Die vorliegende Arbeit untersucht die geostrategischen und lokalen Akteurs- und Interessenkonstellationen am Horn von Afrika von den 1960er Jahren bis zum Beginn der 1980er Jahre.
Der Fokus liegt dabei auf der Analyse der punktuellen Interessenkongruenzen der entscheidenden internen (Somalia und Äthiopien) und externen (USA und Sowjetunion) Akteure vor dem Hintergrund des Kalten Krieges und damit auf der Erklärung der effektiven Ereignisse durch die Verknüpfung lokaler Interessen der beiden regionalen Hegemonialmächte mit den geostrategischen Ziele der Supermächte.

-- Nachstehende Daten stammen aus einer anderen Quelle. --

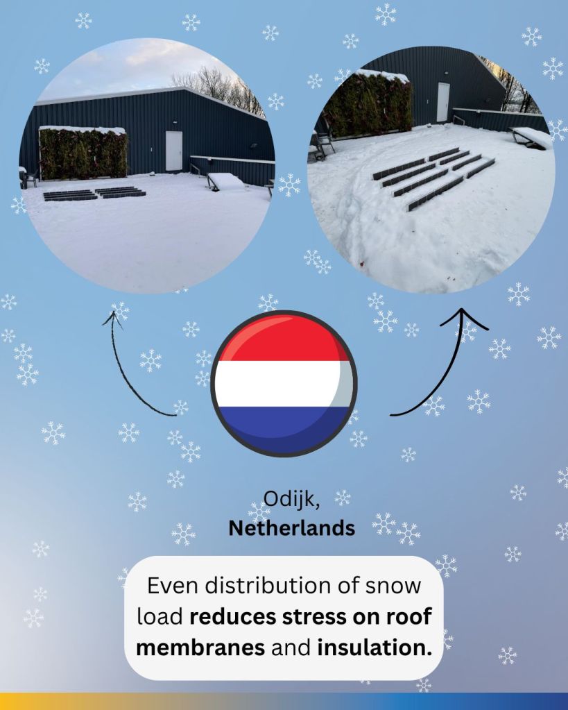 Vores paneler fanger ikke sne eller overbelaster taget – sneen lægger sig jævnt og smelter hurtigere takket være luftcirkulation og strålingsvarmeopsamling.

Zunächst erfolgt neben den historischen Grundlagen eine Beschreibung der Ausgangssituation und der bestehenden Partnerschaften bis zum Ende der 1960er / Beginn der 1970er Jahre, sowie der Gründe für die sich verändernden Konstellationen nach den Militärputschen 1969 (Somalia) und 1974 (Äthiopien). Zentral sind die Ereignisse 1977 / 78 mit der Machtübernahme Mengistus, dem Ogaden-Krieg zwischen Somalia und Äthiopien und dem damit verbundenen "Reversal of Alliances", dem "Wechsel" der lokalen "Counterparts" zwischen den Supermächten.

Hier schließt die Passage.